= André Savignon =

French author

André Savignon (1 January 1878 – 10 January 1947) was a French author.

== Life ==
Savignon was born to (Eugène) Michel Savignon and (Louise) Isabelle Varanguien de Villepin in Tarbes, Hautes-Pyrénées. He married Marie-Josèphe Monzelun on 29 July 1902 in Paris. Between 1908 and 1914 he made numerous trips to England, particularly to Plymouth.

After World War I, Savignon moved to St Malo (Ille et Vilaine, France). On 27 September 1919 he married Berthe Desgranges at Ambérac (Charentes, France).

Savignon left no descendants from either of his marriages.

== Career ==
A writer, Savignon won the Prix Goncourt in 1912 with his novel Les filles de la pluie, describing the daily life in Ouessant Island. His other books include:
- Une femme dans chaque port;
- Le secret des eaux;
- La tristesse d'Elsie;
- La dame de la Ste Alice;
- Tous les trois;
- St Malo nid de corsaires.

Savignon was a Chevalier de la Légion d'Honneur.

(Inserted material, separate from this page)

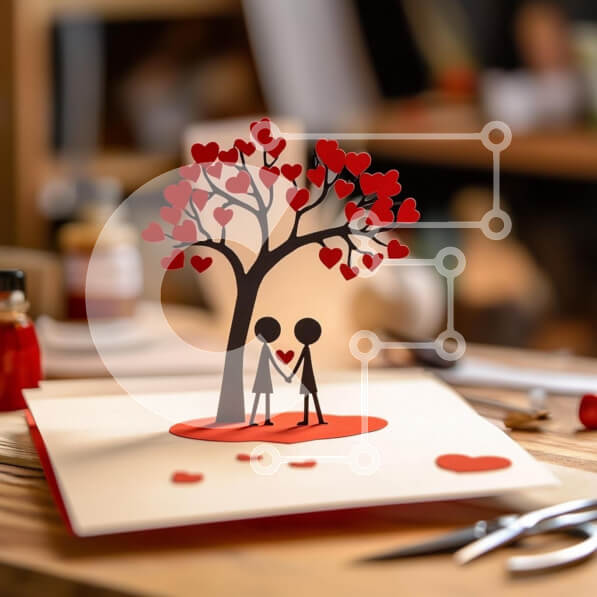 Intra Συλλεκτικό Ξύλινο Παζλ Plywood 4mm – Αναδυόμενη ευχετήρια κάρτα με δέντρο καρδιάς και φιγούρες με ραβδί Σε Ξύλινο Κουτί – Διαστάσεις Puzzle: 10×10 cm – 25 κομμάτια

Working as a reporter for various newspapers, Savignon continued to visit England regularly. He was in London when World War II broke out in 1939, was in Plymouth during the Blitz and then remained in London until his death at the age of 69, at The French Hospital, from pneumonia on 10 January 1947. He is buried in the Rosais cemetery on banks of the La Rance river in St Servan sur Mer (Ille et Vilaine, France).